Do not for a moment, though, believe that America’s grand cultural purge was the immediate consequence of a single act of racist mass murder.  Such a seemingly overnight transformation of public attitudes could only have occurred if those ideas and opinions had already permeated the mass of ordinary people.  And I do stress overnight.  At least with the revolution of same-sex marriage, that was in the public eye for some 15 years before achieving victory.  But who, in 2014, seriously proposed the removal of those Confederate symbols?  Or beyond that, look back just a generation to 1990 and watch Ken Burns’s PBS series on the Civil War.  While Burns highlighted the slavery issue, it would be utterly inconceivable now for such a show to present such a broadly favorable and romantic view of Confederate leaders.

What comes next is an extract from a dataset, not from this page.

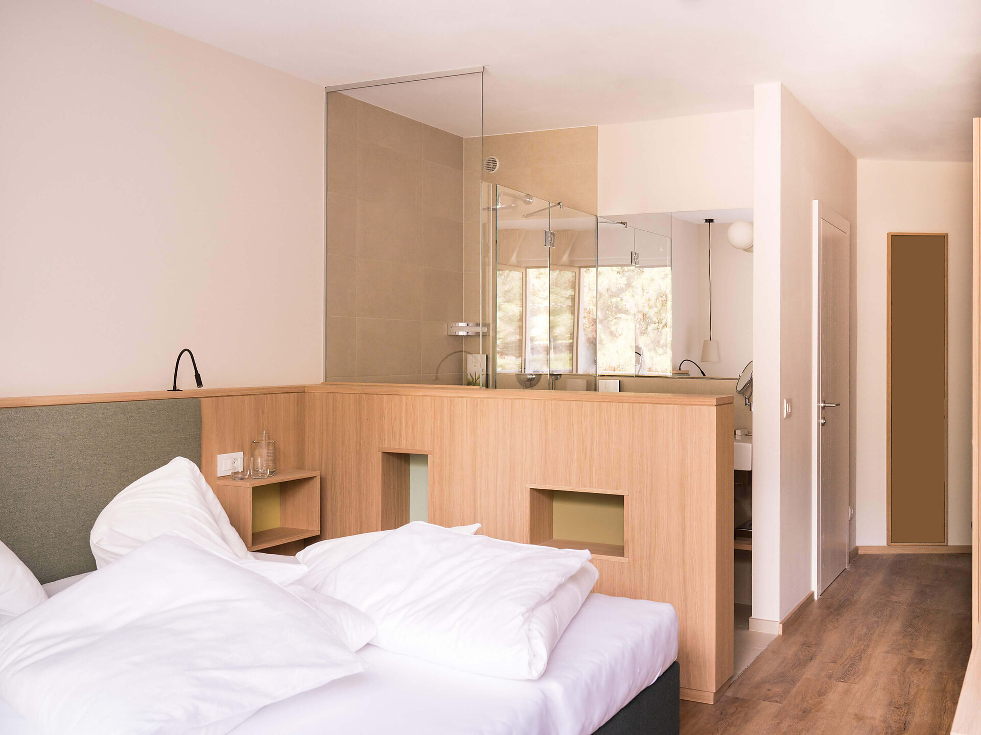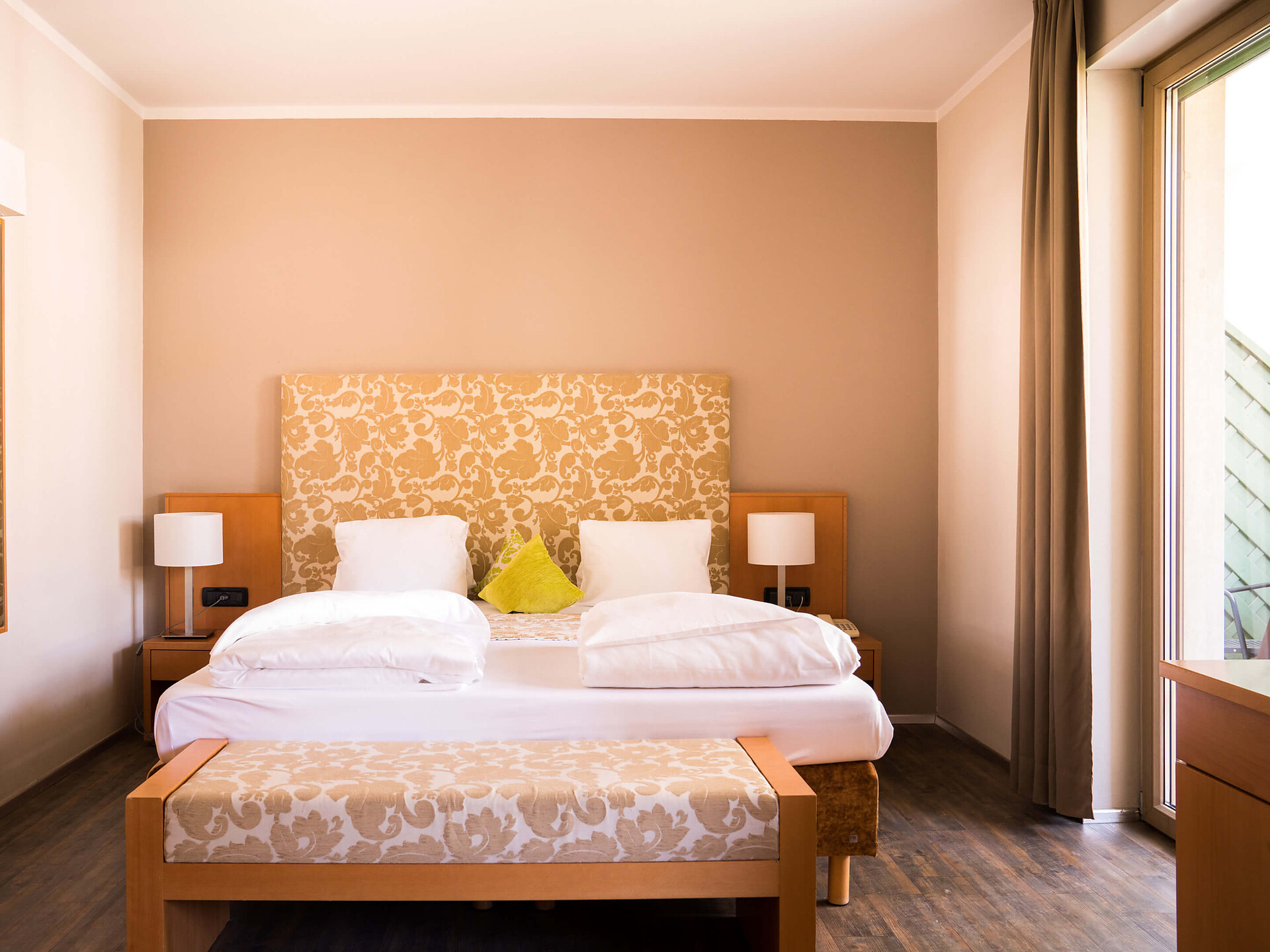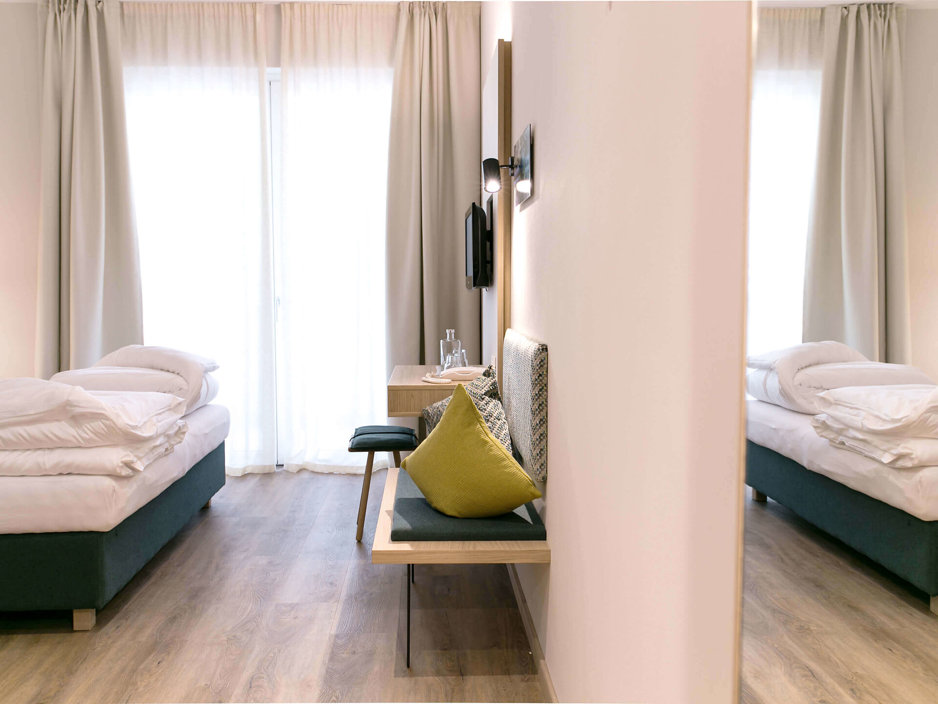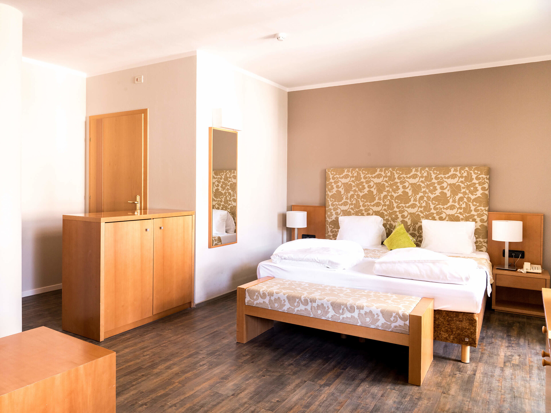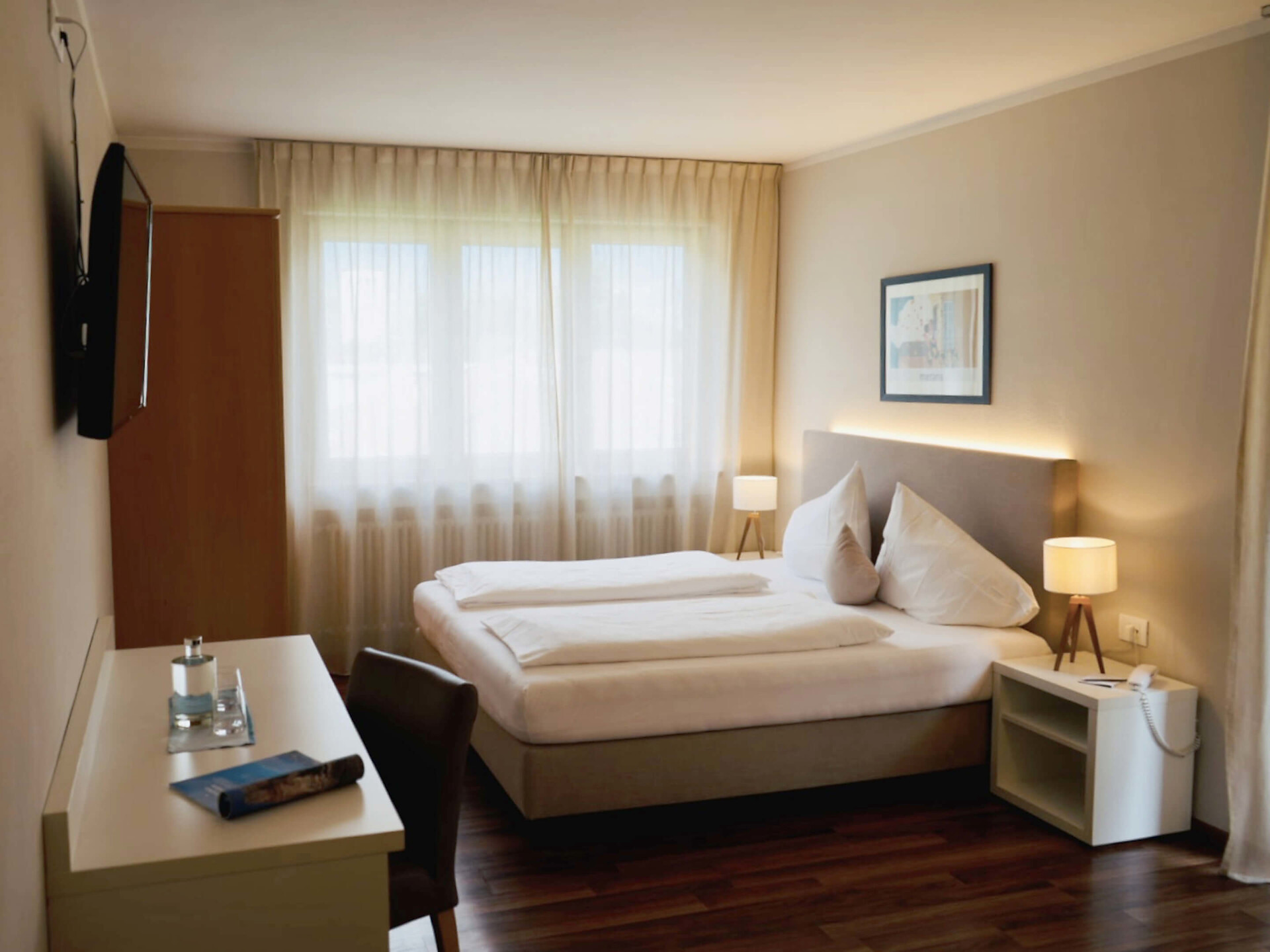 una moderna camera doppia comfort (22m²) con letto matrimoniale king-size e loggia privata, bagno (alcuni sono senza barriere) con grande doccia a pioggia, WC, specchio per il trucco e asciugacapelli, TV satellitare con schermo piatto, cassaforte per portatili, WIFI internet, telefono, frigorifero e bollitor

Somehow, over the past few years, a profound transformation was going on beneath the surface of public discourse.  Not only did liberals increasingly dream that such a purge was possible, but conservatives no longer felt willing to resist change, or to risk the opprobrium.  One kick at the door was all that was needed to bring down an already crumbling house.  To adapt John Adams’s famous words, this particular cultural revolution was effected well before assassin Dylann Roof pulled his trigger in Charleston.  The revolution was in the minds and hearts of the people.

Leave aside for now the issue of the Confederate flag, and all those statues of Jeff Davis and Stonewall Jackson.  What’s next?  What once-unthinkable ideas have already become so common and so widespread sub rosa that they lack nothing except a single sensational incident or scandal to bring them to public light?

Multiple cultural battlefields emerge, especially in areas of sexuality and sexual identity, but for present purposes, let me focus on the racial themes that follow directly from the anti-Confederate reaction.  I think especially of reparations for slavery, an idea that for decades has lurked on the furthest reaches of the radical left.  The idea is flawed, not least in identifying possible beneficiaries, the descendants of the slave experience.  To take an obvious example, Barack Obama claims not a drop of African-American blood, but self-identifies as black.  Would he receive a reparations check for the evils inflicted on his nonexistent slave ancestors?  What about families descended from both slaves and slave-owners?

The objections are manifold—but just imagine that a vociferous political movement coalesced around this theme.  How many white politicians would dare oppose reparations legislation, and thereby risk ruinous charges of racism and “neo-Confederate” attitudes?  As of today, I do not believe that such a movement is anywhere on the political radar as a serious prospect—but a year ago, I thought that Confederate statues were safe for my lifetime.

That’s the thing about living through a revolution.  Suddenly, for better or worse, all things are possible.